You can further customize this by setting a retries directive in a backend to the desired number of attempts. It defaults to three. Also, if you add option redispatch to the backend, HAProxy tries another server instead of repeatedly trying the same one.
Now with HAProxy 2.0, you aren’t limited to retrying based on a failed connection only. The new retry-on directive lets you list other kinds of failures that will trigger a retry and covers both Layer 4 and Layer 7 events. For example, if messages time out after the connection has been established due to network latency or because the web server is slow to respond, retry-on tells HAProxy to trigger a retry.
You can think of it like this:
retriessays how many times to tryretry-onsays which events trigger a retryoption redispatchsays whether to try with a different server
While I was learning about the new retry-on feature, it got me thinking about the novel ways of adapting to failure. In particular, I began looking at Chaos Engineering and how purposefully injecting faults can guide you to make a better, stronger system. In this blog post, I’ll share what I learned about testing for failure and how retry-on is a powerful tool when it comes to building system resilience.
Injecting Faults
Ultimately, you want to build systems that can adapt to unusual conditions and that keep on humming even in the face of failed components and turbulence. A resilient system can bounce back in the face of adversity. What sort of adversity? Adrian Cockroft, VP of Cloud Architecture at AWS, gave the keynote presentation at Chaos Conf 2018. He lists possible faults that may happen within your infrastructure or software. Here are just a few of the potential disasters related to infrastructure alone:
Device failures (disk, power supply, cabling…)
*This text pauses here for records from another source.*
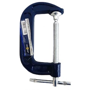 Grampo para marceneiro tipo 'C' 4pol 100mm, utilizado em processos de fixação, colagem e montagem de estruturas.
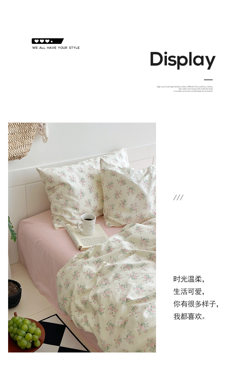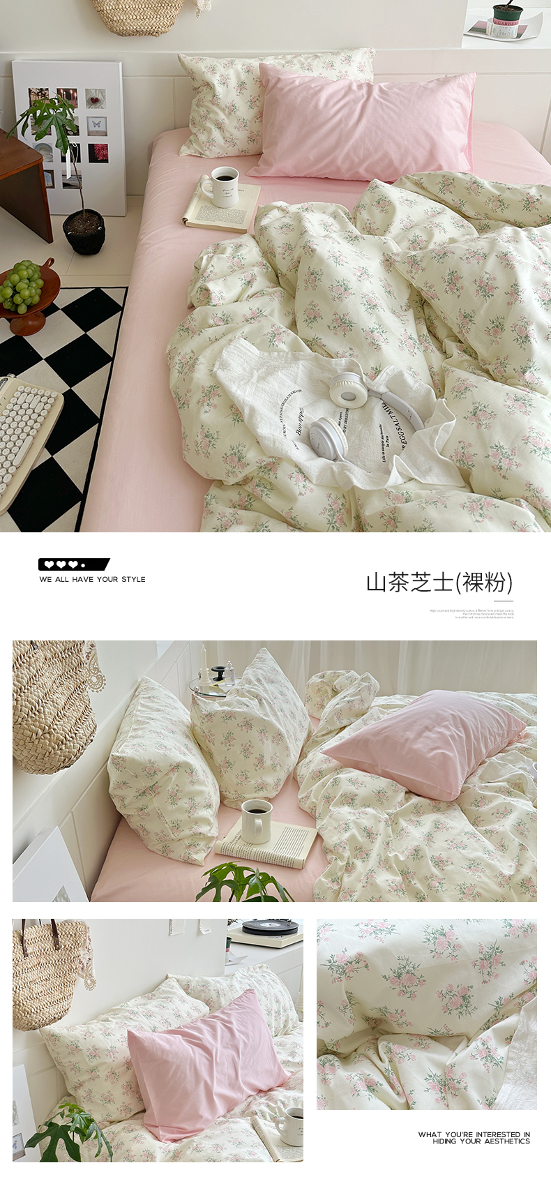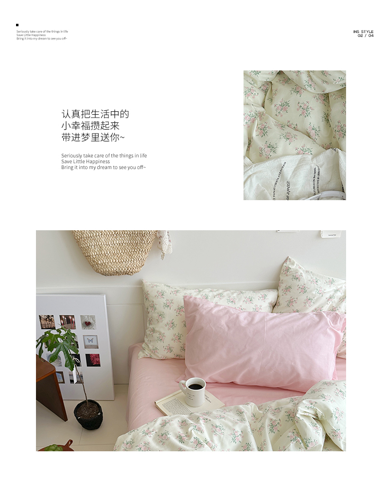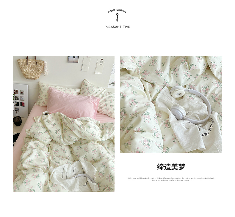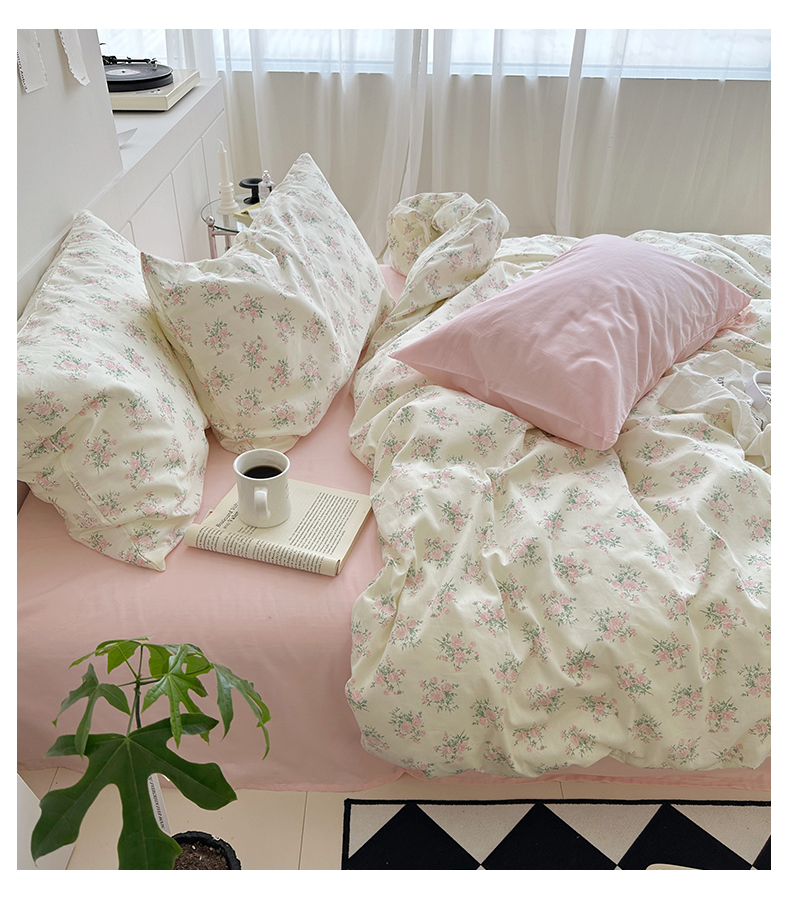 当前位置: 91家纺网 > 商品网购 > 床品套件 > 四件套 > 全棉普通四件套 > 2025新款纯棉小清新四件套小碎花学生三件套纯色床单印花枕套双人床笠 山茶芝士(裸粉)
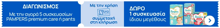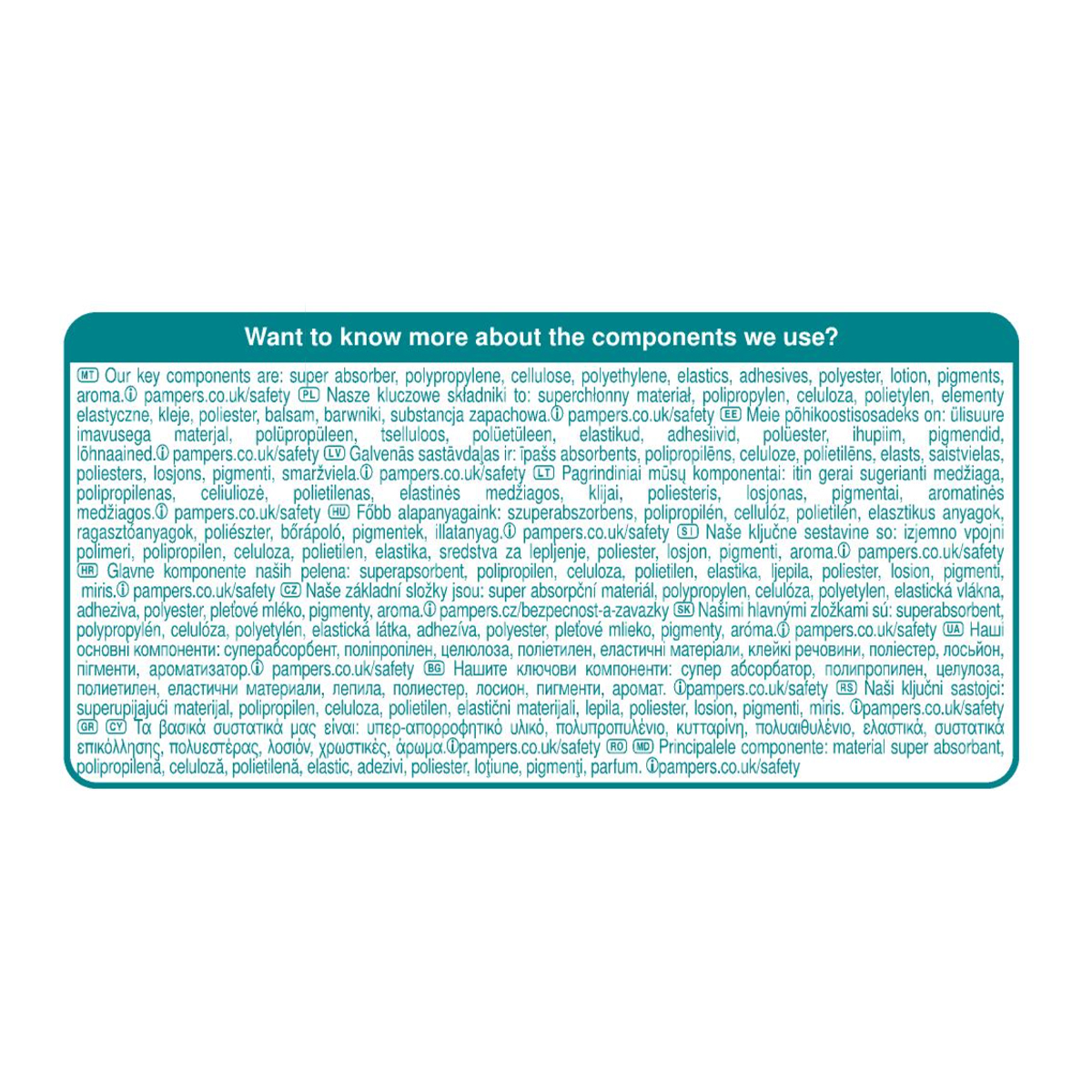 From the moment your baby starts moving, he or she is a little champion who rolls, stretches and climbs to discover the world. He needs the BEST Pampers diaper pants: their special Stop & Protect design helps protect against leaks at the back of the diaper, their 360° circumferential elastic waistband fits snugly around your baby's body to prevent gaps and leaks, the double protectors on the legs help prevent leaks around them for up to 12 hours of leak protection. Like all Pampers pants diapers, the Pampers Pants diaper is easy to change even when your baby is moving around vigorously: Pull up to put it on, tear the sides to take it off, and tape it on for easy disposal. Just like you, Pampers puts your baby's safety first: Pampers Pants diapers are dermatologically tested and do not contain allergenic fragrance substances (as defined in European Cosmetics Regulation No. 1223/2009). They have been approved by the dermatologists of the Skin Health Alliance and are OEKO-TEX Standard 100 certified. Want to know more about the ingredients Pampers use? Visit pampers.gr
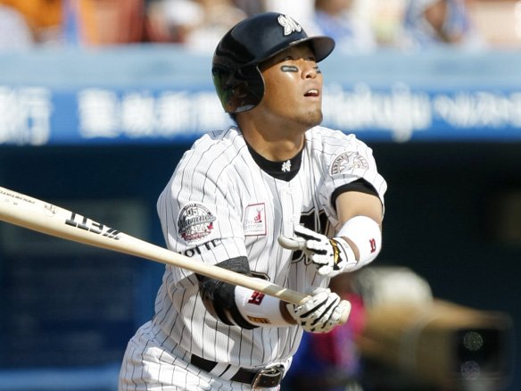 5番 G.G.佐藤 遊ゴ 初球を引っ張り損なった三遊間の打球。ショート・西岡が回り込んで押さえ、6-4-3のダブルプレーを狙ったが、1塁はセーフ・・・。 |
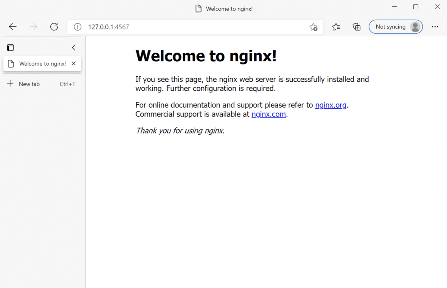 다시 웹 브라우저에서 127.0.0.1:4567에 접속해보면, 이제 ‘Welcome to nginx!’ 메시지가 나타납니다.
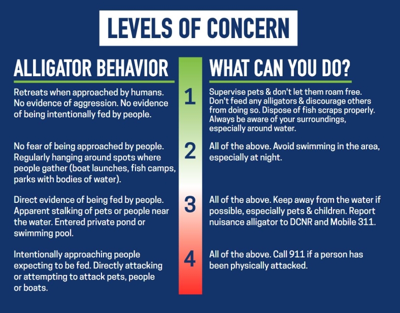 6. Report nuisance alligators. If you believe a particular alligators presents a genuine threat to public safety, contact your local Wildlife and Freshwater Fisheries office.

CPU failures (cache corruption, logic bugs…)
Datacenter failures (power, connectivity, cooling, fire…)
Internet failures (DNS, ISP, routing…)
There’s plenty that can go wrong, but oftentimes we avoid purposefully trying to break our systems and fix weaknesses. The result is that we don’t adequately test that the mitigations we’ve put in place actually work. Are the load balancer settings you’ve configured optimally for reducing outages?
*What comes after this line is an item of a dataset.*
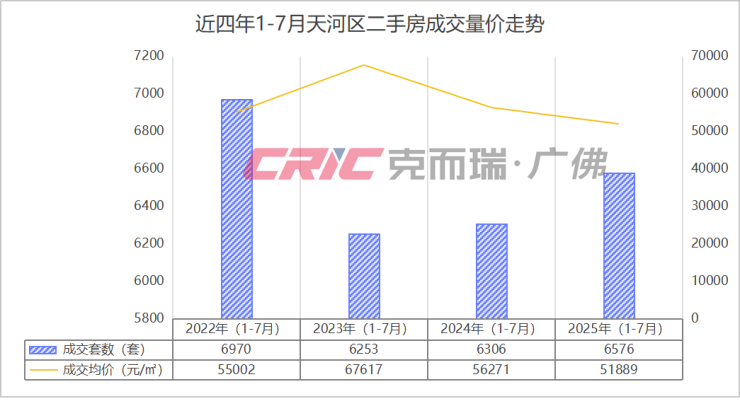 在二手房市场上,克而瑞数据监测显示,今年1-7月天河区二手房成交6576套,仅次于2022年同时期,成交均价51899元/㎡,较去年同时期下跌8%。
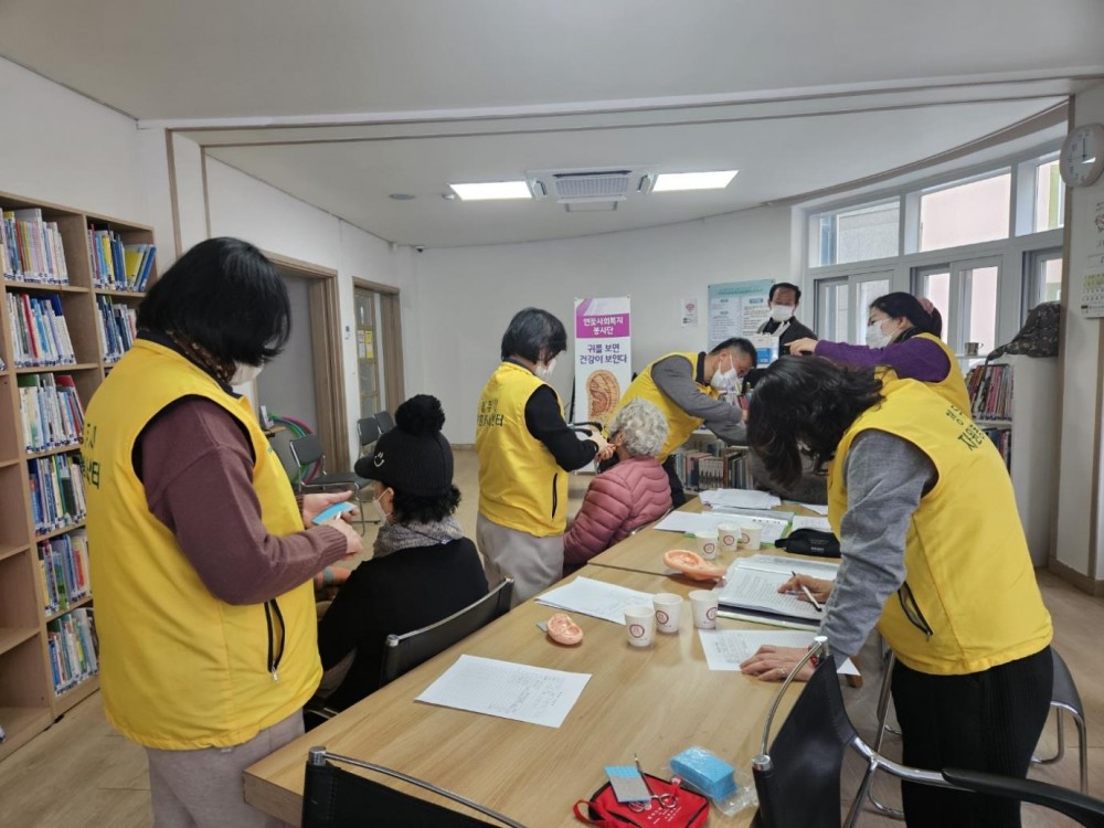 이혈봉사는 혈압 측정을 하고, 귀를 통해 건강을 확인하여 간단한 상담과 패치 부착을 진행합니다.

Acting out real-world failure modes is the best way to test whether your system is resilient. What actually happens when you start killing web server nodes? What is the effect of inducing latency in the network? If a server returns HTTP errors, will downstream clients be affected and, if so, to what degree?
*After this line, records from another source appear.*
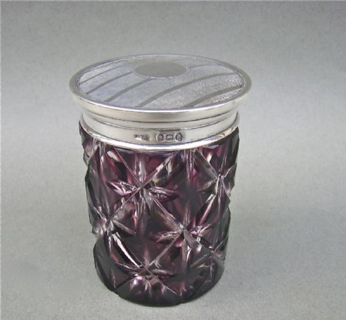 Art Deco Silver & Amethyst Glass Dressing Table Jar by DM, Birmingham 1926
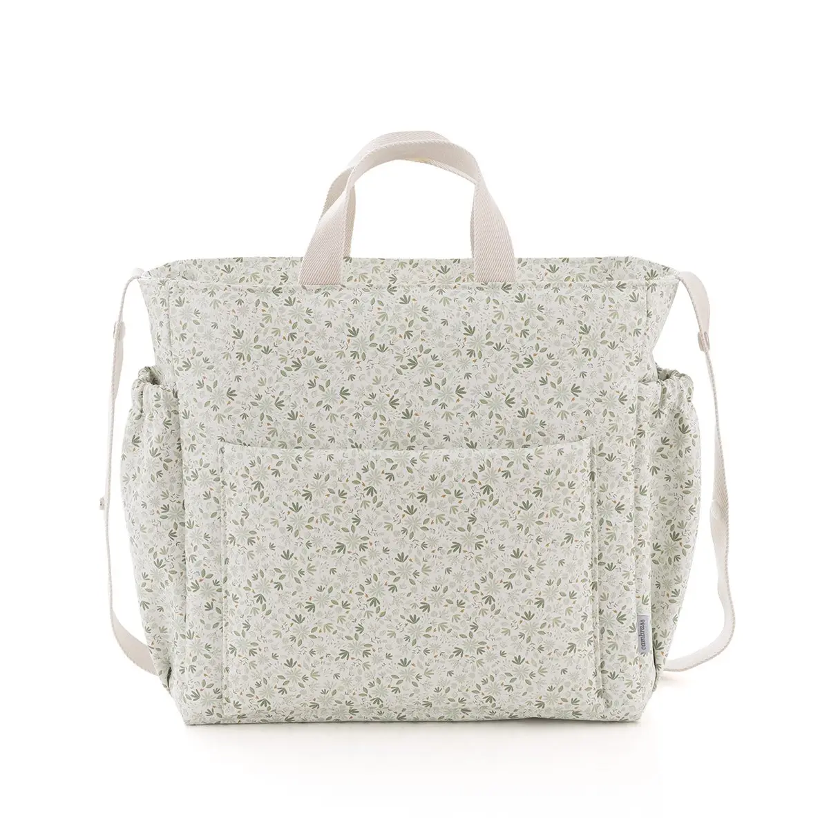 El Bolso Maternal Pack de Cambrass de gran amplitud con capacidad para guardar todo lo que necesitas para tu bebe. Su sistema de asas cortas lo hace útil tanto como bolso de mano o maletín así como de bandolera o incluso para el carro, ya que el asa larga dispone de clips para poder colgar del cochecito. El tejido interior (resinado) con el que está confeccionado el bolso cuenta con un acabado impermeable que sumado a su base rígida aporta estabilidad evitando que pierda su forma tanto lleno como vacío e incluso después del lavado. Este bolso cuenta con prácticos bolsillos interiores y exteriores para una perfecta organización de los accesorios. El cierre del bolso es con cremallera YKK de larga duración.
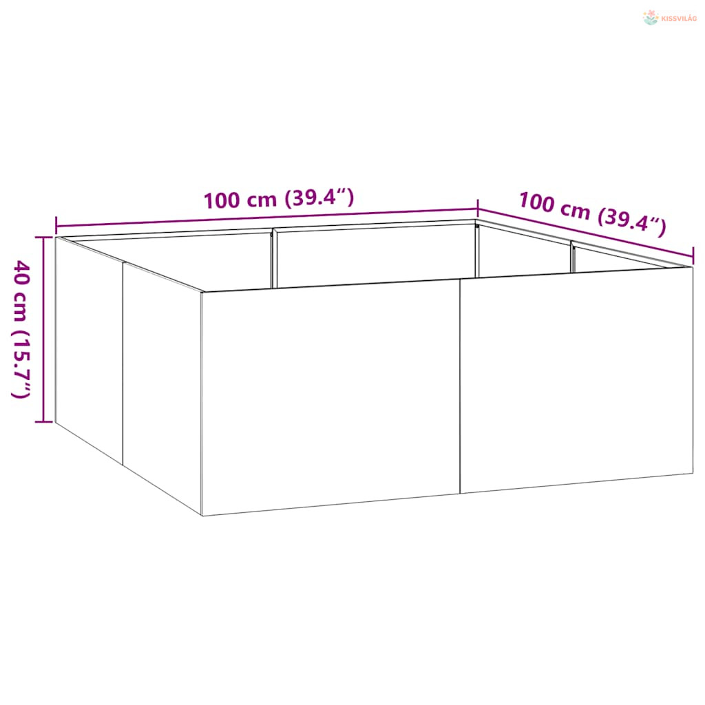 Horganyzott acél növénytartó 100x100x40 cm
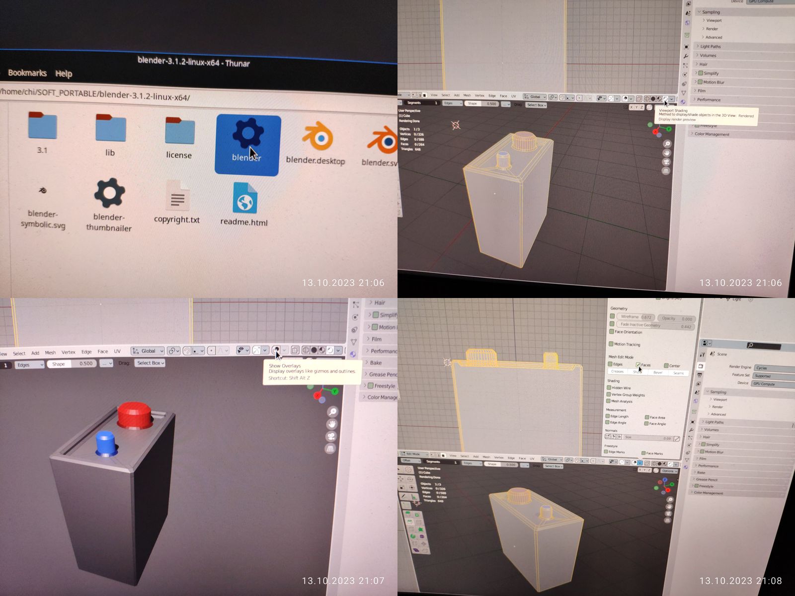 Я уже это говорил, но сейчас у меня Linux, и мне нужно поработать в Blender, что же могло пойти не так под линуксом? Распаковал приложение, запустил, на первый взгляд всё было нормально, здесь видно несколько версий приложения, далее станет ясно "зачем" и "почему":

I found that by applying some techniques from Chaos Engineering, by intentionally injecting faults into the system, I began to see exactly how I should tune HAProxy. For example, I saw how best to set various timeouts and which events I should set to trigger a retry.
Creating Chaos is Getting Easier
Maybe it’s due to the maturation of Chaos Engineering, which is a maturation of our collective incident management knowledge, but the tooling available for creating chaos in your infrastructure is getting better and better.
Gremlin allows you to unleash mayhem such as killing off nodes, simulating overloaded CPU and memory, and filling up disk space.
Pumba is a command-line tool that lets you simulate bad network conditions such as latency, corrupted data, and packet loss.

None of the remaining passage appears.